* **WHAT THE TASK REQUIRES**
Exactly as they appear, copy the lines from the start of the entries below to the line containing "Также нормы должны", both ends included.

*** Opening of MATERIAL SHOWN ***

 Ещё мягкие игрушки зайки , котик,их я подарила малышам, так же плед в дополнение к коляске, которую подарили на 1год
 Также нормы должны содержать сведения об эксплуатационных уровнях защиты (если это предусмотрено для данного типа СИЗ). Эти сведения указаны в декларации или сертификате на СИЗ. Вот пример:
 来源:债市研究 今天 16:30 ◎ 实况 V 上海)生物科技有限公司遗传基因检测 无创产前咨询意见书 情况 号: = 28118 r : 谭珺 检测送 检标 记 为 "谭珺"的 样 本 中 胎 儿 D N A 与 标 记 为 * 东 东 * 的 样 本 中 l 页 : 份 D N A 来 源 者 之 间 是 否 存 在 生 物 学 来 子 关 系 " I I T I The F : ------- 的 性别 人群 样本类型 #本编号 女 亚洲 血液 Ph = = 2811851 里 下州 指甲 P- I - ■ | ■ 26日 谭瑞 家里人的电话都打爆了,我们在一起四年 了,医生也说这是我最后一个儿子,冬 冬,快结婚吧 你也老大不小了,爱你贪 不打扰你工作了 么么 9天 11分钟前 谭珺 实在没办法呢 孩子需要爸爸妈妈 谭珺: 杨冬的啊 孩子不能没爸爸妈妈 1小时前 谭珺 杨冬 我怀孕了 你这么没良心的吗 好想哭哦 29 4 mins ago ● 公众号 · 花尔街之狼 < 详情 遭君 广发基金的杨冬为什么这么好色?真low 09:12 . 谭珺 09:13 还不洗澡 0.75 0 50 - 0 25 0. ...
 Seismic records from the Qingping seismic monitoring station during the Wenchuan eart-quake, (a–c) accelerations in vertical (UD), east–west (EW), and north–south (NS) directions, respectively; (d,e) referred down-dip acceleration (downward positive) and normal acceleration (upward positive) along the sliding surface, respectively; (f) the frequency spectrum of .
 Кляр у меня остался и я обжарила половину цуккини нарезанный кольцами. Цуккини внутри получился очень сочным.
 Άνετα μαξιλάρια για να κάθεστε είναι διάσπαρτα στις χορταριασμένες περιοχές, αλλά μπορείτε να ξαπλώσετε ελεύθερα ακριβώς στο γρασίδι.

*** Close of MATERIAL SHOWN ***

* **SOLVED EXERCISE**
 Ещё мягкие игрушки зайки , котик,их я подарила малышам, так же плед в дополнение к коляске, которую подарили на 1год
 Также нормы должны содержать сведения об эксплуатационных уровнях защиты (если это предусмотрено для данного типа СИЗ). Эти сведения указаны в декларации или сертификате на СИЗ. Вот пример:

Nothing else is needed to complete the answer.